They have failed us, over and over and over again.
I speak not specifically of our parents -- I have two loving ones -- but of the public leaders our parents’ generation has produced. With the demise of my own community’s two most revered leaders, Sandusky and Joe Paterno, I have decided to continue to respect my elders, but to politely tell them, “Out of my way.”
They have had their time to lead. Time’s up. I’m tired of waiting for them to live up to obligations.

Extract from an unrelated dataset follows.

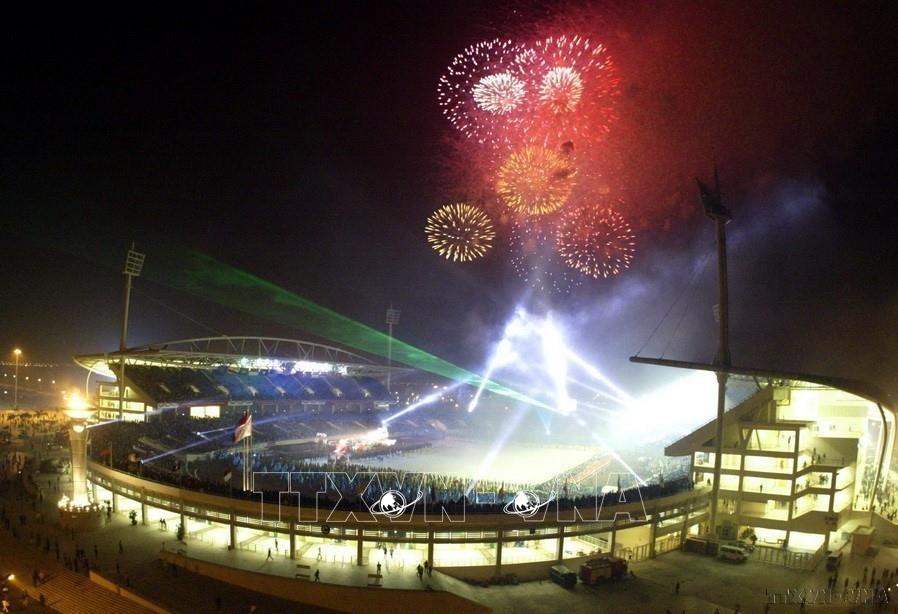 Bắn pháo hoa chào mừng Đại hội Thể thao Đông Nam Á (Sea Games 22), lần đầu tiên tổ chức tại Việt Nam (2003). Ảnh: TTXVN

Think of the world our parents’ generation inherited. They inherited a country of boundless economic prosperity and the highest admiration overseas, produced by the hands of their mothers and fathers. They were safe. For most, they were endowed opportunities to succeed, to prosper, and build on their parents’ work.
For those of us in our 20s and early 30s, this is not the world we are inheriting.
We looked to Washington to lead us after September 11th. I remember telling my college roommates, in a spate of emotion, that I was thinking of enlisting in the military in the days after the attacks. I expected legions of us -- at the orders of our leader -- to do the same. But nobody asked us. Instead we were told to go shopping.
Read the whole thing. Then go read Mark Bowden's wonderful -- and wonderfully balanced -- take on the attack at Wanat. It includes this brilliant passage:
The lieutenant’s battle was over. His bravery had little impact on the course of the fight. He could not rescue the men on Topside, and those who survived would have done so anyway. As it is with all soldiers who die heroically in battle, his final act would define him emphatically, completely, and forever. In those loud and terrifying minutes he had chosen to leave a place of relative safety, braving intense fire, and had run and scrambled uphill toward the most perilous point of the fight. A man does such a thing out of loyalty so consuming that it entirely crowds out consideration of self. In essence, Jon Brostrom had cast off his own life the instant he started running uphill, and only fate would determine if it would be given back to him when the shooting stopped. He died in the heat of that effort, living fully his best idea of himself.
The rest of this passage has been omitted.